This is my Spoon – Review of Doctor Who Robot of Sherwood

Three weeks into darker Doctor Peter Capaldi’s reign here’s a light-hearted fun romp which plays to the leading actors comedy roots.

It’s almost pantomime.

Review of Doctor Who Robot of Sherwood

The Doctor amuses us by believing that he’s in a medieval theme park trying to prove the inhabitants of Sherwood Forest are fakes. His heated interactions with Robin Hood are hilarious.

“I have no sword. I don’t need a sword. Because I am the Doctor and this is my spoon! En garde!”

Ben Miller’s quietly spoken Sheriff of Nottingham steels from Alan Rickman’s film portrayal of the same role. Jenna Coleman shines once again as she avoids the Sheriff’s seduction and instead finds out all his secrets.

Robin Hood and his Merry Men are… Well. Merry.

It’s well-played and funny but hardly a classic episode. I’ve not got much more to say about other than the scene they cut.

The BBC announced that they excised a scene where Robin Hood beheads the Sheriff only for the Sheriff’s head to continue talking revealing that he is in fact a robot. They performed the edit in sympathy to the brutal real life murder of a woman in London a few days before transmission.

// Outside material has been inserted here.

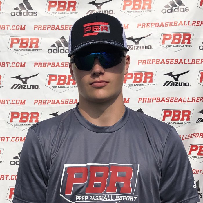 5-foot-11, 165-pound right-handed pitcher and left-handed hitting outfielder. Ran a 7.43 sixty at the event. The approach in the outfield is online and athletic, he threw 74 mph during the outfield portion of the workout. The bat has an exit velocity of 87 mph. The setup is even in base and he uses a small pick up and put down of the front foot as the ball approaches the hitting zone. The hands are thrown to the ball and to contact. The path is long and strong. On the mound, the fastball sat 74 -76 mph. The spin pitch is 69-70 mph and big in shape. The changeup is a developing pitch. The delivery is online with the feet and above 3/4 in slot. The wrist is wrapped on the backside on his arm swing. The direction to the plate is rotational and he spins off the target.

You can find the cut scene on the internet if you look for it. And actually the title of the story makes more sense if you know the Sheriff is a robot.

But in truth the story works just as well with the edit. The Sheriff’s motivations are just as plausible if he was fully human than if he was half machine.

What I question is the BBC publicity machine’s real intention in making such a big deal about the edit in the media.

If they hadn’t mentioned it none of us would have been any the wiser. But by promoting the cut they drew attention to it and arguably upset the murder victim’s family more than had they left the scene intact but unpublicised.